It’s a conspicuous videogame mechanic that defied the standards of the day, and it’s the first sign that Resident Evil 4 is forever a slave to gameplay. Reality be damned, the controls make it scarier; besides, you’re here to point a shotgun at Jaws, Leatherface, animated suits of armour, The Lord Of The Rings’ cave trolls, an army of villagers driven insane by The Thing, and a creature from Predator who fights like The Terminator. You’re here to dodge the boulder from Raiders Of The Lost Ark, to ride the minecart from Temple Of Doom, to see a friend die like Bishop in Aliens. You’re here to win bottlecap action figures and dress like a 1930s mobster with a laser gun. You’re here to rescue the president’s daughter, for goodness’ sake. Resident Evil 4 is shamelessly, unapologetically a videogame, and it celebrates it by plagiarising a dozen Hollywood movies, using QTEs as an answer for everything and putting a lava lake in the middle of a medieval castle.
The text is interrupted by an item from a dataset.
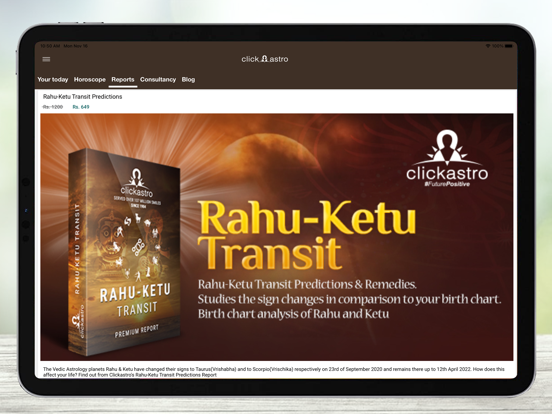 Premium Horoscope Reports: Premium Reports like Yearly Horoscope, Wealth Horoscope, Career & Business Horoscope, Marriage Horoscope, Transit Reports etc., that provide an in-depth analyses of specific aspects of your life.
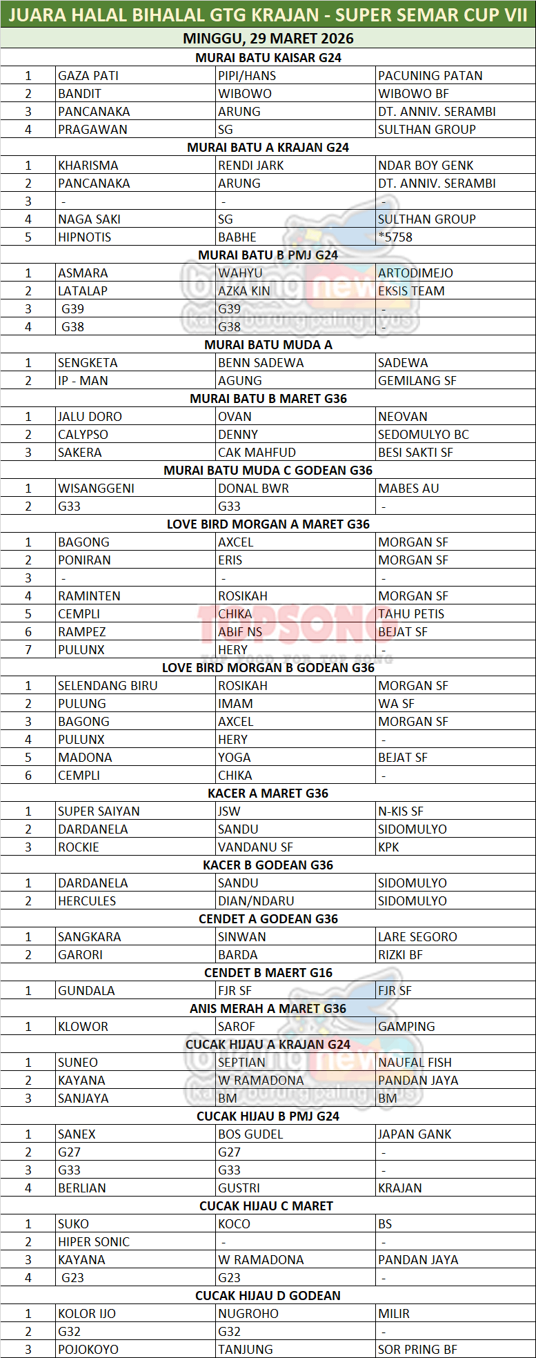 HALAL BI HALAL GTG KRAJAN - SUPER SEMAR CUP VII + DATA JUARA

Resident Evil 4 is a reminder of the days before the madness of San Andreas was replaced by the sobriety of GTAIV, when Lara Croft was fighting dinosaurs rather than rapists. It’s a game filled with nonsensical flights of fantasy and heavy with indulgences the likes of which only a Shinji Mikami could get away with in a company as large as Capcom. There are cutscenes most players will never see, Easter eggs few will ever discover and entire systems built for fleeting moments then discarded forever – movable bookcases for a siege, a boat for a three-minute boss fight, weaponised lanterns for Ashley’s brief interlude, a jet ski for the final escape – and all of them are executed flawlessly.

And when it ends, a flickering projector tells the villagers’ story in the months before Las Plagas spoiled everything. Resident Evil 4 swapped vulnerability for empowerment, traded occasional scares for constant dread, and in the end swaps elation for… regret? Pity? Remorse? It’s clichéd to call the game a rollercoaster, but here you are – panicked by the sound of a chainsaw, relieved to have made it to shore, thrilled to meet Ashley, frustrated when she’s snatched away, awed by the arrival of your backup, triumphant having beaten impossible odds, and saddened to see what became of the villagers and, so much worse, their children.
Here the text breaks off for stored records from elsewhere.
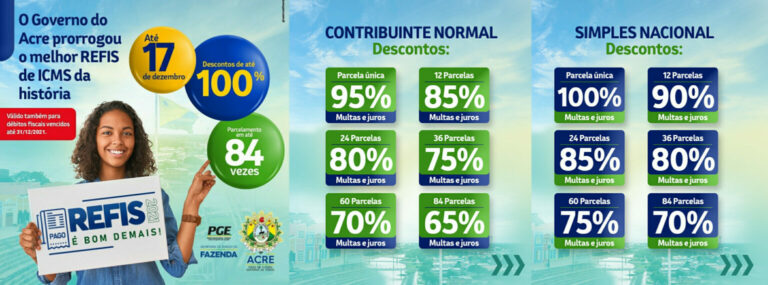 O governo do Estado do Acre autorizou a reabertura do prazo de renegociação de dívida por meio do Programa de Recuperação Fiscal (Refis). Os descontos podem chegar a 100%. A medida foi anunciada em decreto publicado na edição do Diário Oficial do Estado (DOE) deste sábado, 14.
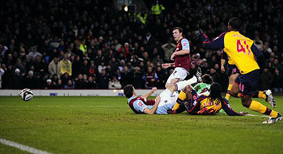 מקדונלד מוריד את שחקני ארסנל לרצפה (צילום: רויטרס)
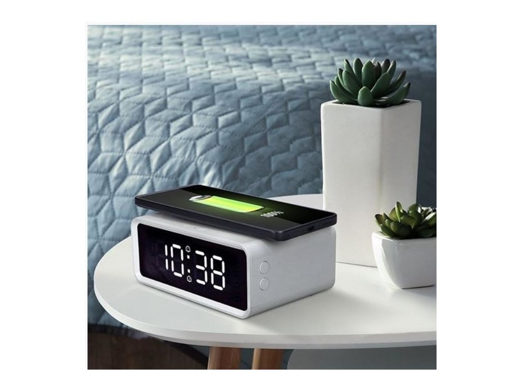 Budík s Qi bezdrátovou nabíječkou
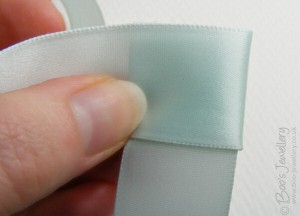 The roses shown in my photographs were all made with a length of ribbon very approximately 12 times as long as it is wide. So if your ribbon is 25mm (1″) wide, you’ll use a piece approximately 300mm (12″) long for each finished rose – but you’ll need a piece twice this length initially to form the rose, more below. The longer the ribbon you use, the fuller the resulting bloom will be.

Resident Evil 4 is best described as the bridge between then and now; PS1 controls with a next-generation camera angle, creative liberties in a time of escalating budgets, Dreamcast QTEs in a world as detailed and original as anything built for 2013 – every inch rusted, burned, abandoned or rotten, all of it somehow touched by death. Resident Evil 4 created the modern thirdperson shooter, killed the survival-horror genre and became the benchmark by which all videogame campaigns are measured. And all bar a few come up short.

Drop7

Publisher Zynga • Developer Area/Code • Format Android, iOS • Release 2009

Drop7 is a marvel of videogame evolution. Clearly descended from Tetris – gravity-bound pieces, a growing mound of detritus to clear away before it collides with the top of the screen, the exploitation of our tidying impulse – Area/Code’s numerical spin on the formula exhibits such deft speciation that it would be dishonest to wave it away as mere homage. Some days we flirt with the question of whether Drop7 has surpassed its Russian forebear. At the very least, it’s on a shockingly even par.

Good luck finding a more handsome puzzle game. The pleasing symmetry of the 7×7 tile grid. The way the coloured facades of each piece pop from the greyscale background like Dublin’s famous painted doors on a dreary afternoon. The subtle pop-art sensibilities of the extruded typeface. The way the point bonuses float off each shattering piece like souls departing the body. And we haven’t even broached mechanics yet.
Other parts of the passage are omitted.